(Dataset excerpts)

* * * * * * * * *

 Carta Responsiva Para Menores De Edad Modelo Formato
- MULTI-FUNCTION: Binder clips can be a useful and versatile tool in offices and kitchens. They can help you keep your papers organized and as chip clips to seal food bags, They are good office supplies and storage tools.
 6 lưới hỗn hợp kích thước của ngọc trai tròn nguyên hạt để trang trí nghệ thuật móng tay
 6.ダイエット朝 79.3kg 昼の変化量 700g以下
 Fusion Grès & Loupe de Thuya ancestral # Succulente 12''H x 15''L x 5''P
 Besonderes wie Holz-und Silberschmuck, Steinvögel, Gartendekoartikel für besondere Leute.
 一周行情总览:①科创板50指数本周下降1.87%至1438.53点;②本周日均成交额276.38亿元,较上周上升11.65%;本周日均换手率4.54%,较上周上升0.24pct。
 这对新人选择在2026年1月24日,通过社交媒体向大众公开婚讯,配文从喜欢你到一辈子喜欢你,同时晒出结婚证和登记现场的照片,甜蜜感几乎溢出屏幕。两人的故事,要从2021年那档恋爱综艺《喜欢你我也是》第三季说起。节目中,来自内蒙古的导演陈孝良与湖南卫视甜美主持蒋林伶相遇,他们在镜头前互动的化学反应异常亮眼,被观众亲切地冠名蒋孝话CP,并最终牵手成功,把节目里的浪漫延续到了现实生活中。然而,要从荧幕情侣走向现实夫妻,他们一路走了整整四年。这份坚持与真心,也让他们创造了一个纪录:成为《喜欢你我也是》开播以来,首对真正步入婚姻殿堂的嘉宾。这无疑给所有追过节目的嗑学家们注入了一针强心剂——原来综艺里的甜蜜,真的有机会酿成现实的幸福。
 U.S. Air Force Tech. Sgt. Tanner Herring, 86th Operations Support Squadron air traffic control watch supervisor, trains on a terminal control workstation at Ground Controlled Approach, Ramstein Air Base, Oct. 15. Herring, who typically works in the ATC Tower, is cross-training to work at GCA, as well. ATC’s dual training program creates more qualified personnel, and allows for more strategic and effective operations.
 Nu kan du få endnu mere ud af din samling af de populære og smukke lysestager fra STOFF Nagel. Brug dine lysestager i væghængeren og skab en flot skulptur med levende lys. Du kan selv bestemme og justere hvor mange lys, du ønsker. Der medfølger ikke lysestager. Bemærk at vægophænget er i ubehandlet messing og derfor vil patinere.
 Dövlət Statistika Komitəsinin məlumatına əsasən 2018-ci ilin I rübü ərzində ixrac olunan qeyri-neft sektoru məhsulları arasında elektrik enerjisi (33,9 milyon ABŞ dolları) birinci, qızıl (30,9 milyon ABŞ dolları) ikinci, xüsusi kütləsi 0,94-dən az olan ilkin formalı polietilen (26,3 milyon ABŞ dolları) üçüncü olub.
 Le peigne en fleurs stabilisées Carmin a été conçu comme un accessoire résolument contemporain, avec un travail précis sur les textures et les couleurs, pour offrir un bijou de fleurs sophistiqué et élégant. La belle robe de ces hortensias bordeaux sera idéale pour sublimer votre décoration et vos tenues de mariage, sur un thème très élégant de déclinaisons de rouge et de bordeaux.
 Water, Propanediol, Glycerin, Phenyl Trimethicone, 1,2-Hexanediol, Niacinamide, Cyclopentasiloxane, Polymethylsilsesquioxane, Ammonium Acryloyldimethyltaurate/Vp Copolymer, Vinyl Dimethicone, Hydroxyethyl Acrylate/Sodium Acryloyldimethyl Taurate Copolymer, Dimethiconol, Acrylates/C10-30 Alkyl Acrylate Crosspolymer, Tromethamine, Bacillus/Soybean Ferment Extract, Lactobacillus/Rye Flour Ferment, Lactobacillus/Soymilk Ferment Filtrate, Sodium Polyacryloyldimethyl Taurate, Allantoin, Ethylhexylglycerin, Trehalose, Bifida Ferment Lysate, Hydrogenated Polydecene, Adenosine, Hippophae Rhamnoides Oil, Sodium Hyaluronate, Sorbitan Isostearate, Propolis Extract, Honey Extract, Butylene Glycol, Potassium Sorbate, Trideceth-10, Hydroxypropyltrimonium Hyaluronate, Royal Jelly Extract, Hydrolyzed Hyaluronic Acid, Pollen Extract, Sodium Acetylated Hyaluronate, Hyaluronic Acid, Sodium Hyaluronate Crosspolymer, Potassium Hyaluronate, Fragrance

* * * * * * * * *

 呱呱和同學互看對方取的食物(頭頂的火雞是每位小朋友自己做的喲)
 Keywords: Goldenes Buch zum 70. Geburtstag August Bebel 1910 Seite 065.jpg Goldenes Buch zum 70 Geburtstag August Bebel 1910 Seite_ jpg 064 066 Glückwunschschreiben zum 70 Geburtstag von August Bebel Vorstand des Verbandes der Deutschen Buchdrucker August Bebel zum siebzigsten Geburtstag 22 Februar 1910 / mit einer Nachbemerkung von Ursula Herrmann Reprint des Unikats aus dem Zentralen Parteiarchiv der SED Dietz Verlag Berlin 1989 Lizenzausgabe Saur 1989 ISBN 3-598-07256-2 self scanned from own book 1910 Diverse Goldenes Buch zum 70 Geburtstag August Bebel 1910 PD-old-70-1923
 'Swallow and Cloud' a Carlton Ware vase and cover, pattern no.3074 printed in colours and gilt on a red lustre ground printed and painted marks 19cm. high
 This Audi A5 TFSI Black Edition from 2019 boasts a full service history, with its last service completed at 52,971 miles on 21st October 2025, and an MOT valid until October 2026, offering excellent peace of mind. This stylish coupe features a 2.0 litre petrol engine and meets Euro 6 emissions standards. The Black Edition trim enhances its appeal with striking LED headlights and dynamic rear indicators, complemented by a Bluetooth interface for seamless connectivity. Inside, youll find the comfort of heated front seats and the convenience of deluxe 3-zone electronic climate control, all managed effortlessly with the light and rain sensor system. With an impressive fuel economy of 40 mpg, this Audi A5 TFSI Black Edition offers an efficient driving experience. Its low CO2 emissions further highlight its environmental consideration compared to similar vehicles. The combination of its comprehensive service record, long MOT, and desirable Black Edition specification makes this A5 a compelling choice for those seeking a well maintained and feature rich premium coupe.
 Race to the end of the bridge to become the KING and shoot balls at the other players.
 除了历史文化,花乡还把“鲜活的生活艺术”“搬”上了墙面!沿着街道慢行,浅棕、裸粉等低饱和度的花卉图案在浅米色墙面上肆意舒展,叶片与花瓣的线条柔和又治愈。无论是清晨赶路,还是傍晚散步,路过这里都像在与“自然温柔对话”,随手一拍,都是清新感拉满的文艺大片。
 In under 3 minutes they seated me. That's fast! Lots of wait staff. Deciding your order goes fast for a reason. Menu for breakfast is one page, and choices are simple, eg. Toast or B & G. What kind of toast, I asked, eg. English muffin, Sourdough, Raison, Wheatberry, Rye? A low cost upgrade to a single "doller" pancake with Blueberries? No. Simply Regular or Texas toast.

* * * * * * * * *

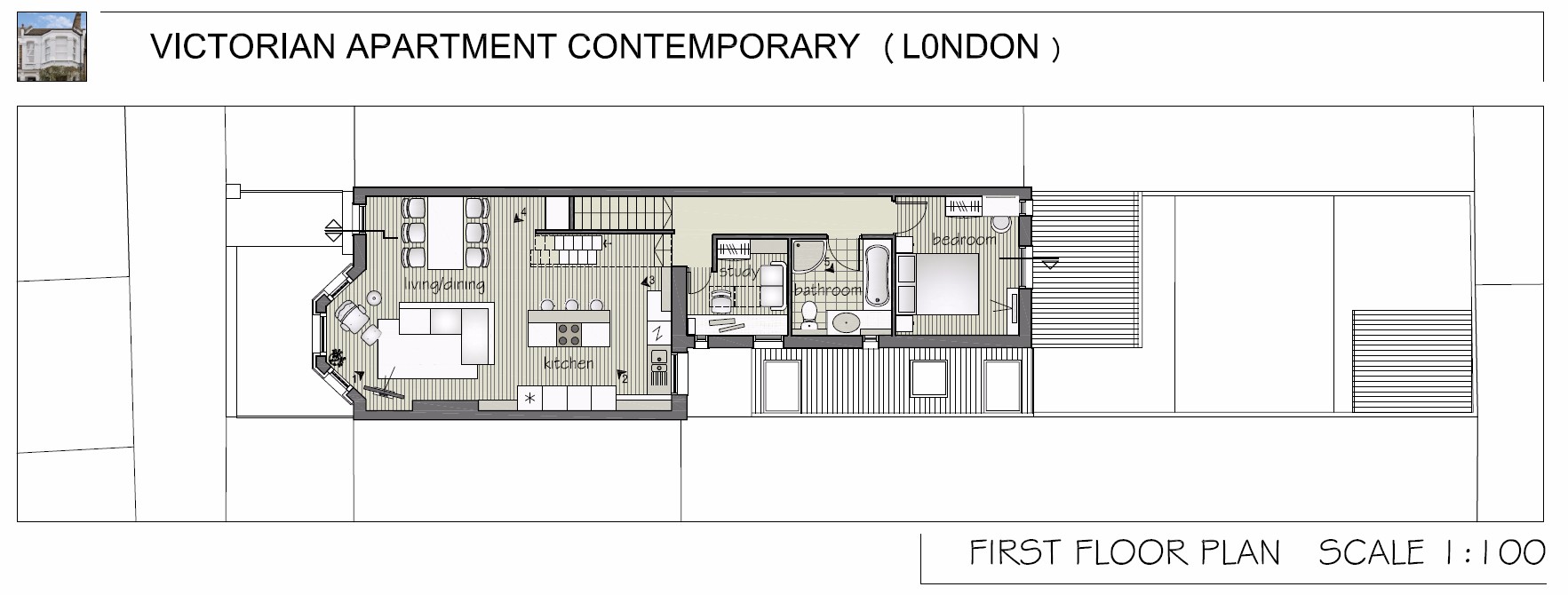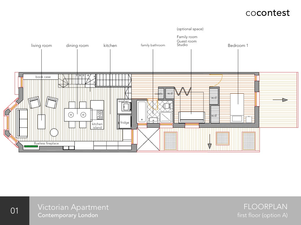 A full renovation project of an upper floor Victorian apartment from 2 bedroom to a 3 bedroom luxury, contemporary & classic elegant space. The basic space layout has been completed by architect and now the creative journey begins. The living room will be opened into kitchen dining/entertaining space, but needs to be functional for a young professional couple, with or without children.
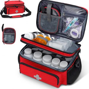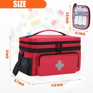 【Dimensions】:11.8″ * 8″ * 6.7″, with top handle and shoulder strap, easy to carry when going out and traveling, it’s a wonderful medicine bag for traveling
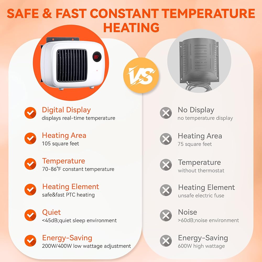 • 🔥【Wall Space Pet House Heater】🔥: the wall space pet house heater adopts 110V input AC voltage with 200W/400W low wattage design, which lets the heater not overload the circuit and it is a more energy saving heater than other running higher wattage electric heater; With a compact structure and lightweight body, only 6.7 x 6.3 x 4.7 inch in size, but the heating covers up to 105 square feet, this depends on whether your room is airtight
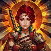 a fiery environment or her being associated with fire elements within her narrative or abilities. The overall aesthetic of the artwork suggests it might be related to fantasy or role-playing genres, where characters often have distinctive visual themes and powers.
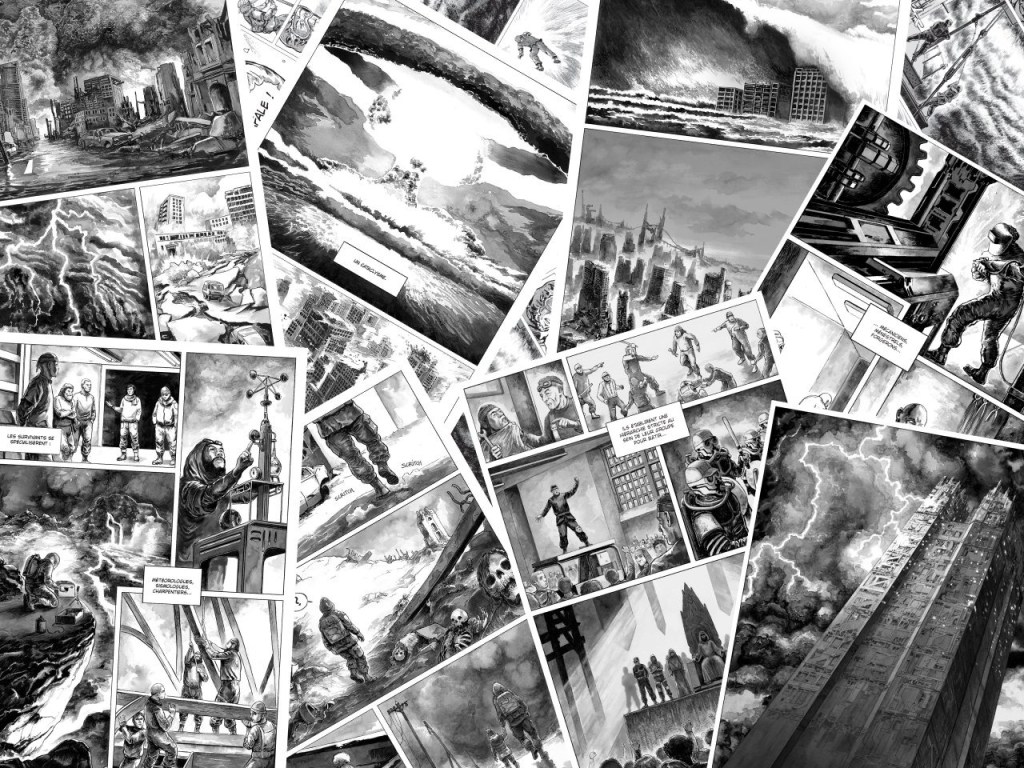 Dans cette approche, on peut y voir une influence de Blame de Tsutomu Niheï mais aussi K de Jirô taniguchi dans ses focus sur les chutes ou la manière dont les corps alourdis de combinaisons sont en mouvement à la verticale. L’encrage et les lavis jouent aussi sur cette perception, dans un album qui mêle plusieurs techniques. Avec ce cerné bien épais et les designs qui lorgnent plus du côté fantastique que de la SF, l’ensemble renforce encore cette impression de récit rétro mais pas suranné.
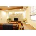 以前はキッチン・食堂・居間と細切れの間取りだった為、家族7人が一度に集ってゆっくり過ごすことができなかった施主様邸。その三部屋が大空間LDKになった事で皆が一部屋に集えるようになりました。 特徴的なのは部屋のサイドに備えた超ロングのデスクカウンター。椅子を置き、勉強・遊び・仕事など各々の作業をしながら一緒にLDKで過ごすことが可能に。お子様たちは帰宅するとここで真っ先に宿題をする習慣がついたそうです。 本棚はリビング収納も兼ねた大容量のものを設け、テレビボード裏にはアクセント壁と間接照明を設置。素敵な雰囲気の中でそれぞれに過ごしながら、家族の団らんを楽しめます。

* * * * * * * * *

The range runs from the line above containing "marks 19cm. high" to the line containing "In under 3 minutes", inclusive. Restate those lines word for word and no others.

SOLVED PROBLEM >>
 'Swallow and Cloud' a Carlton Ware vase and cover, pattern no.3074 printed in colours and gilt on a red lustre ground printed and painted marks 19cm. high
 This Audi A5 TFSI Black Edition from 2019 boasts a full service history, with its last service completed at 52,971 miles on 21st October 2025, and an MOT valid until October 2026, offering excellent peace of mind. This stylish coupe features a 2.0 litre petrol engine and meets Euro 6 emissions standards. The Black Edition trim enhances its appeal with striking LED headlights and dynamic rear indicators, complemented by a Bluetooth interface for seamless connectivity. Inside, youll find the comfort of heated front seats and the convenience of deluxe 3-zone electronic climate control, all managed effortlessly with the light and rain sensor system. With an impressive fuel economy of 40 mpg, this Audi A5 TFSI Black Edition offers an efficient driving experience. Its low CO2 emissions further highlight its environmental consideration compared to similar vehicles. The combination of its comprehensive service record, long MOT, and desirable Black Edition specification makes this A5 a compelling choice for those seeking a well maintained and feature rich premium coupe.
 Race to the end of the bridge to become the KING and shoot balls at the other players.
 除了历史文化,花乡还把“鲜活的生活艺术”“搬”上了墙面!沿着街道慢行,浅棕、裸粉等低饱和度的花卉图案在浅米色墙面上肆意舒展,叶片与花瓣的线条柔和又治愈。无论是清晨赶路,还是傍晚散步,路过这里都像在与“自然温柔对话”,随手一拍,都是清新感拉满的文艺大片。
 In under 3 minutes they seated me. That's fast! Lots of wait staff. Deciding your order goes fast for a reason. Menu for breakfast is one page, and choices are simple, eg. Toast or B & G. What kind of toast, I asked, eg. English muffin, Sourdough, Raison, Wheatberry, Rye? A low cost upgrade to a single "doller" pancake with Blueberries? No. Simply Regular or Texas toast.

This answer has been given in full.